Your goal —
Look for the line with "14일 자정께 대전 유성구"; please transcribe it and every later line in the entries exactly, up to the end, leaving pictures out.

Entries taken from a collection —
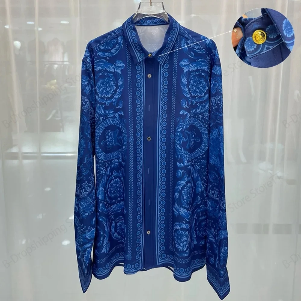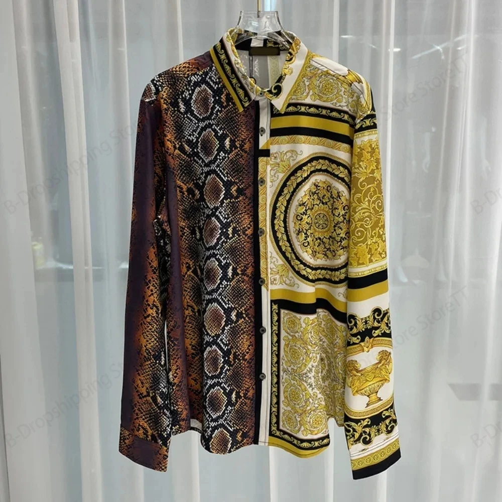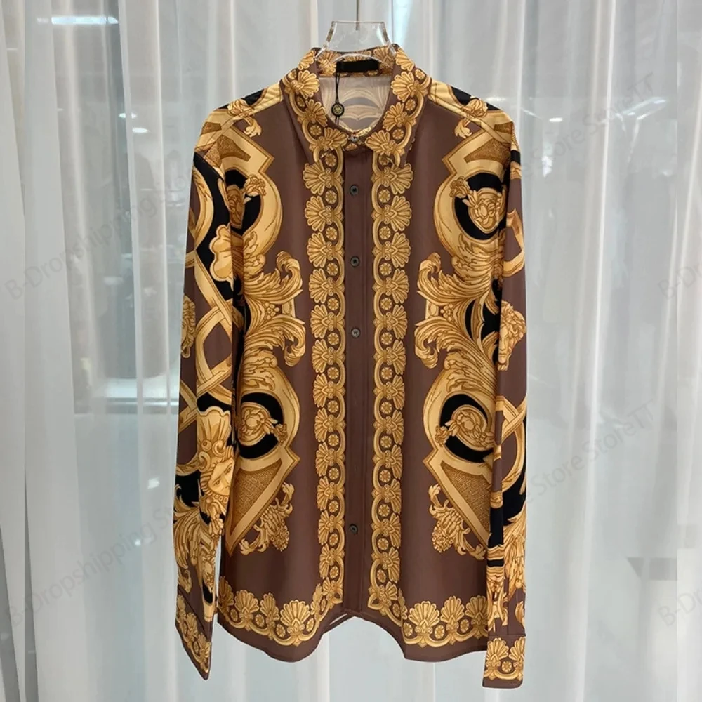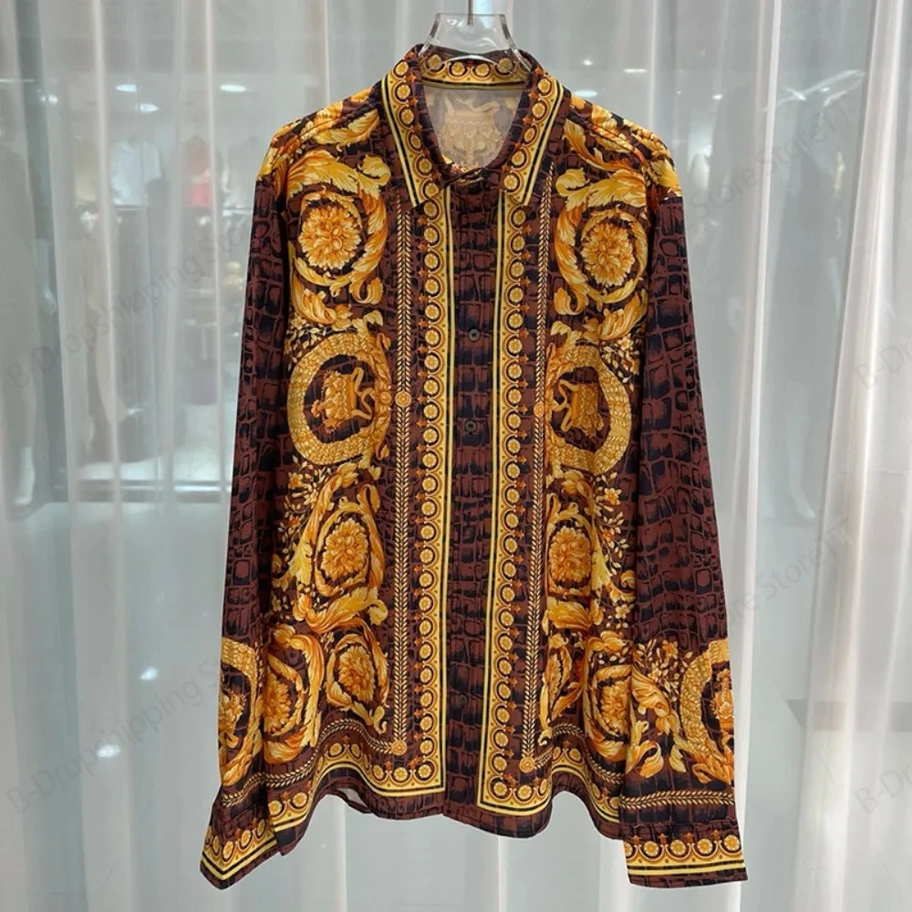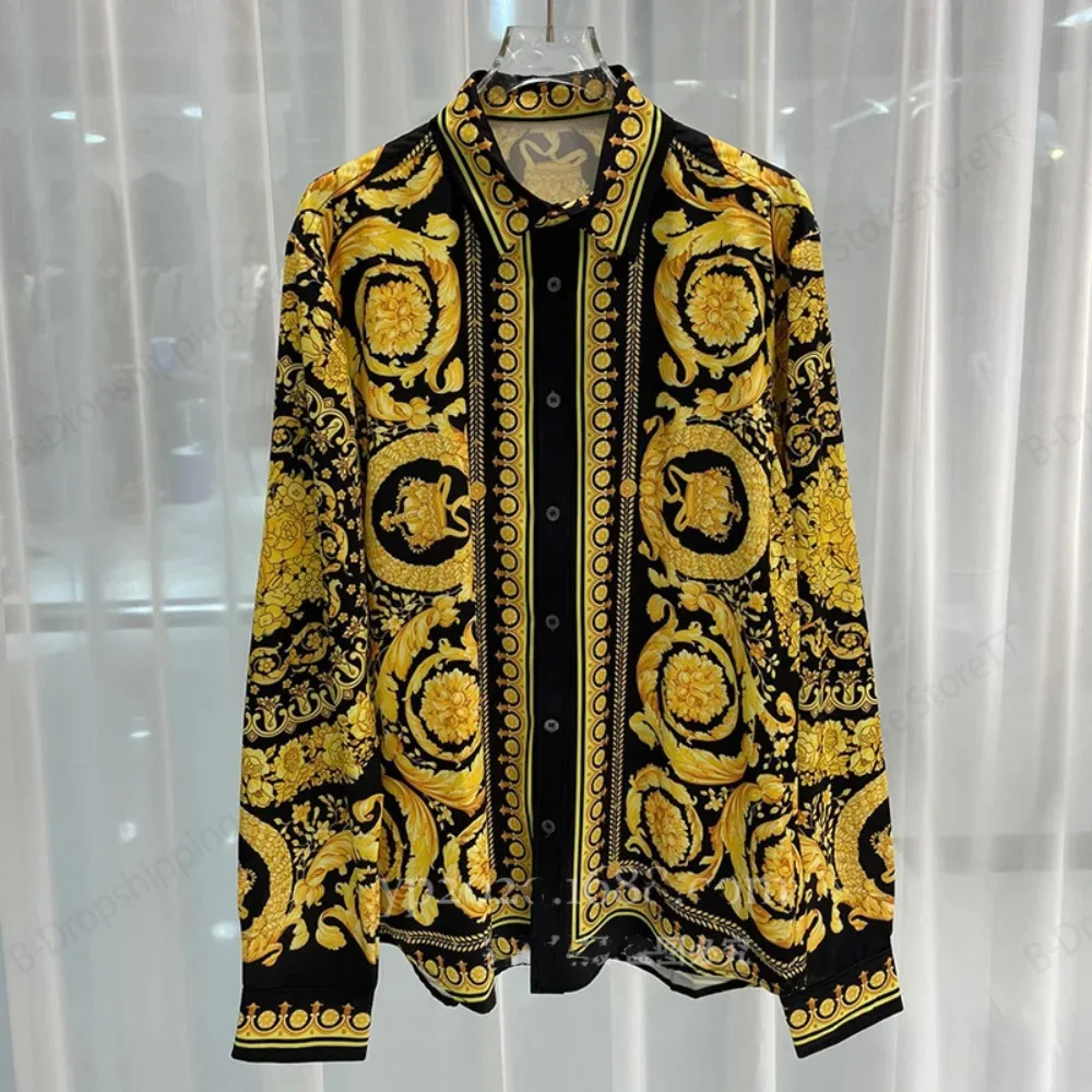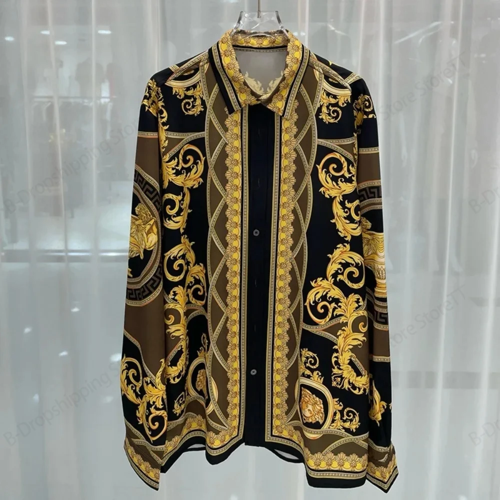 - > Camisa havaiana de manga comprida preta dourada floral 3d impressa camisa masculina/feminina moda casual camisas de luxo estilo europeu americano
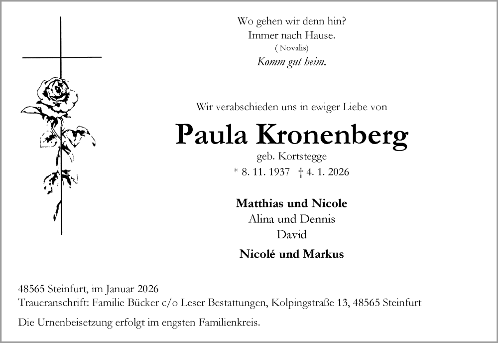 Hier finden Sie alle Traueranzeigen aus der Zeitung, die bisher für Paula Kronenberg erschienen sind. Weitere Traueranzeigen, die in der Zeitung erscheinen, werden hier ebenfalls aufgelistet
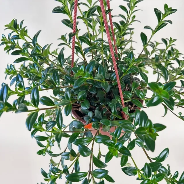 The Goldfish Plant has glossy green leaves and puffy orange flowers that resemble goldfish. Grow in a bright location for maximum flowering. Plants prefer summer temperatures in the upper 60’s to low 70’s and a bit cooler in the winter. Cooler temperatures and slightly drier soil in the winter helps stimulate flowering.
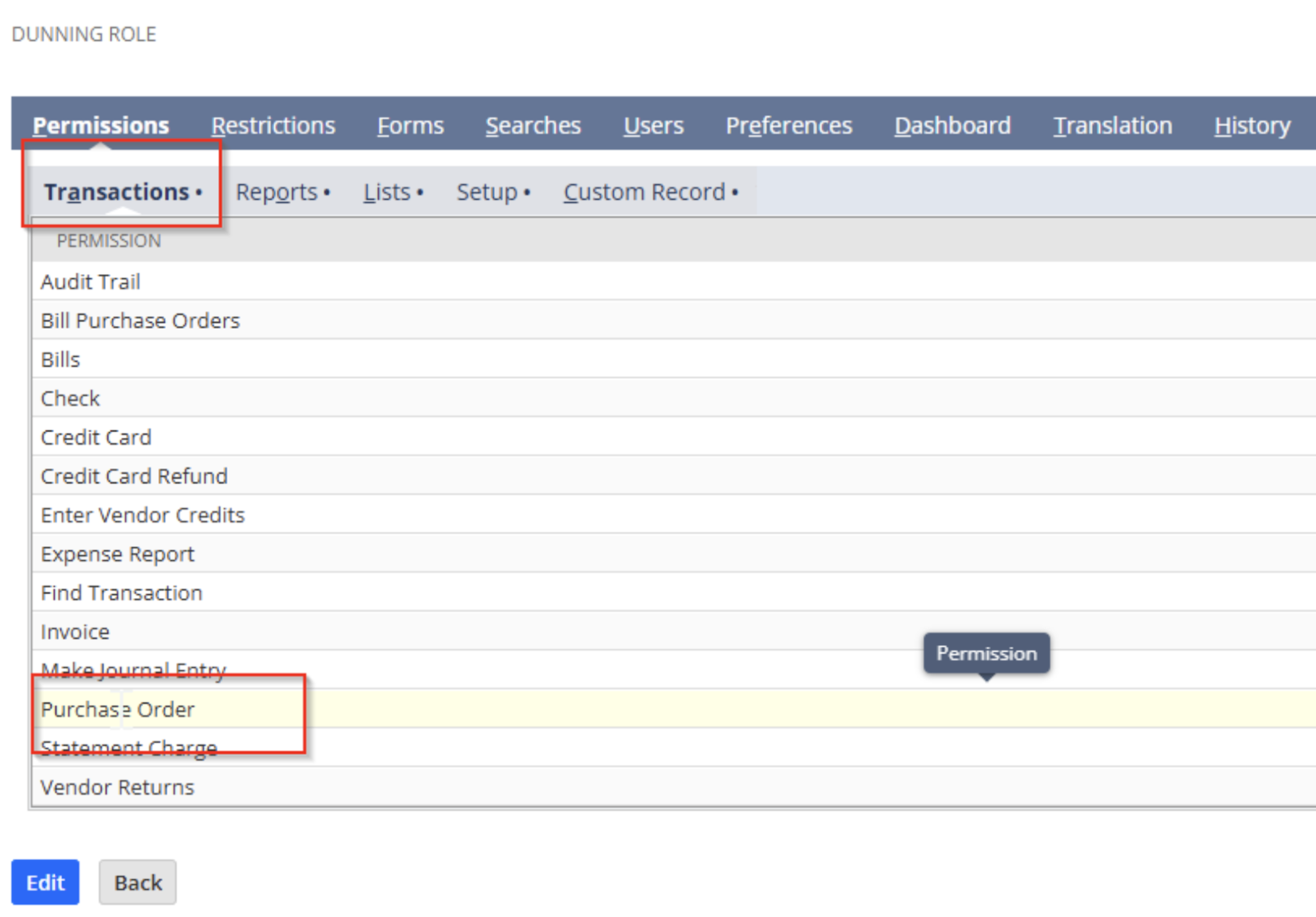 Transactions Permissions
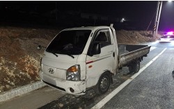 14일 자정께 대전 유성구 봉명동 한 도로에서 술을 마신 채 운전하다 주차된 차량을 들이받은 뒤 현장을 이탈하고, 경찰의 정차 지시도 무시한 채 도주한 만취 운전자의 트럭. 유성경찰서 제공 설 연휴 첫날 음주운전을 하다 사고를 내고 14㎞가량 도주한 50대가 경찰…
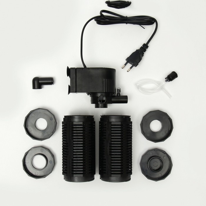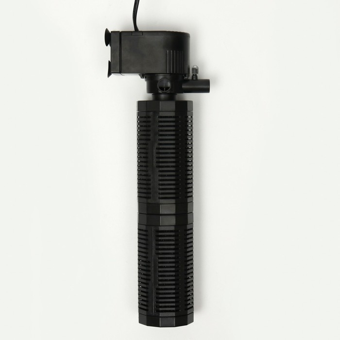 Оснащен двумя секциями для очистки воды: губки улавливают крупные частицы и загрязнения, эффективно очищая воду в аквариуме.
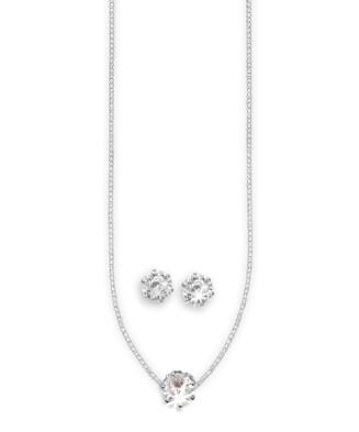 Conjunto de Brincos e Gargantilha Vibrações Folheados a prata com zircônia

Result for this exercise —
 14일 자정께 대전 유성구 봉명동 한 도로에서 술을 마신 채 운전하다 주차된 차량을 들이받은 뒤 현장을 이탈하고, 경찰의 정차 지시도 무시한 채 도주한 만취 운전자의 트럭. 유성경찰서 제공 설 연휴 첫날 음주운전을 하다 사고를 내고 14㎞가량 도주한 50대가 경찰…
 Оснащен двумя секциями для очистки воды: губки улавливают крупные частицы и загрязнения, эффективно очищая воду в аквариуме.
 Conjunto de Brincos e Gargantilha Vibrações Folheados a prata com zircônia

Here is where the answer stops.